OctogenarianDecathlete · 25/10/2023 21:24

My kids are much older now, so my experience may be well out of date.

When they were little all the info said you mustn't feed to sleep, etc.

Except I went back to work FT when they were less than 6 months (we had bills to pay!). And it rapidly became apparent that the best solution was getting everyone back to bed quickest. And feeding to sleep did that the best.

(We did try all manner of bottles/putting down drowsy but awake. It was just unnecessarily stressful and ineffective)

Eventually feeding to sleep stopped working, and then they'd go to bed with music etc, singing/talking to themselves till they dropped off.

I would say do whatever is easiest. Because it'll change anyway. Don't make things harder for yourself than it needs to be.

OctogenarianDecathlete · 25/10/2023 21:25

Ha! Reading @TheShellBeach's posts is clear that all babies are different.

(Certainly mine were. We gave the second a dummy.
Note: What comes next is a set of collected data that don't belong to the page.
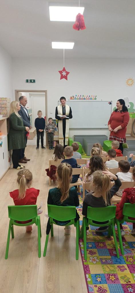 Slávnostné otvorenie a vysvätenie rozšírenia materskej školy. Ďakujeme pánovi farárovi za vysvätenie. Az óvoda bővítményének ünnepélyes megnyitója és felszentelése. Köszönjük a plébános úrnak a felszentelést.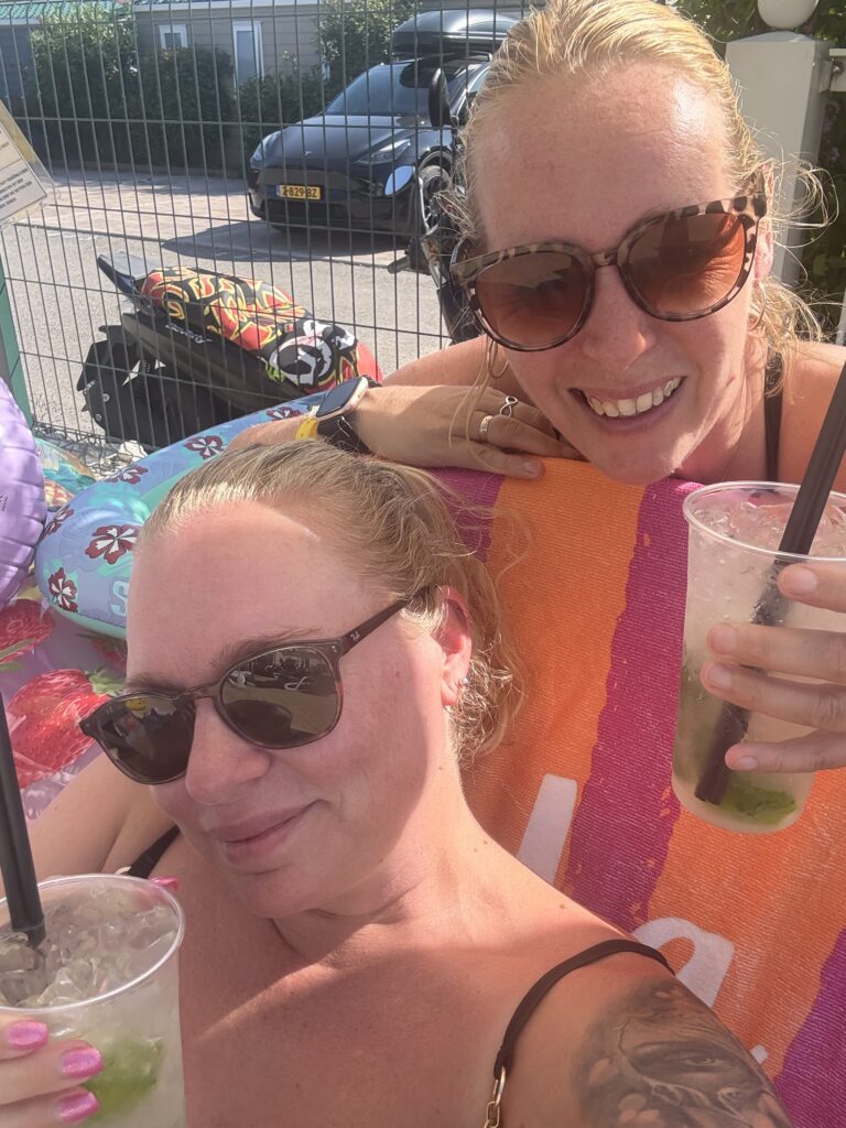 We maken alvast een begin met opruimen en inpakken van tassen, maar in de loop van de ochtend gaan we richting het zwembad, waar we tot een uur of 17.00 blijven. We liggen er met ons halve laantje (lees overburen en mijn directe buren) en dat is erg gezellig. In de loop van de middag voegen mijn bestie en haar gezin zich ook nog bij ons, want zij zijn speciaal voor de verjaardag van Erik een dag eerder naar de camping gekomen. Wat wel echt superlief is.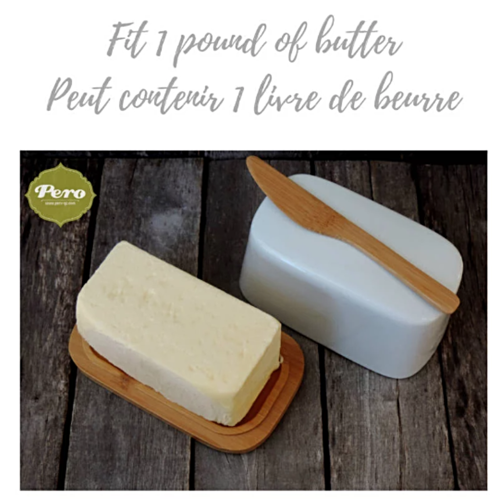 A pound of Canadian size butter goes completely inside. It has a bamboo base. It will quickly become the perfect gift.

It was amazing)

Potplant19 · 25/10/2023 21:32

Lots of different ways but if it's not a problem for you it's not really a problem. If it is a problem then totally understand trying to find other ways. For us feeding to sleep is the quickest, calmest and most reliable way, so as long as that works I'll be grateful.

My youngest has just turned one and feeds to sleep, and has one nap. Since dropping her second nap bedtimes have been a lot easier.

My eldest breastfed until 18 months, and mostly fed to sleep. I found that once her understanding and communication developed bedtime shifted a bit and she would fall asleep listening to a story or similar. Funnily enough she had all of her daytime naps in the pushchair in the kitchen as it was where she was happiest sleeping. Don't think we've done any long term damage. She's nearly 4 now and is a good sleeper.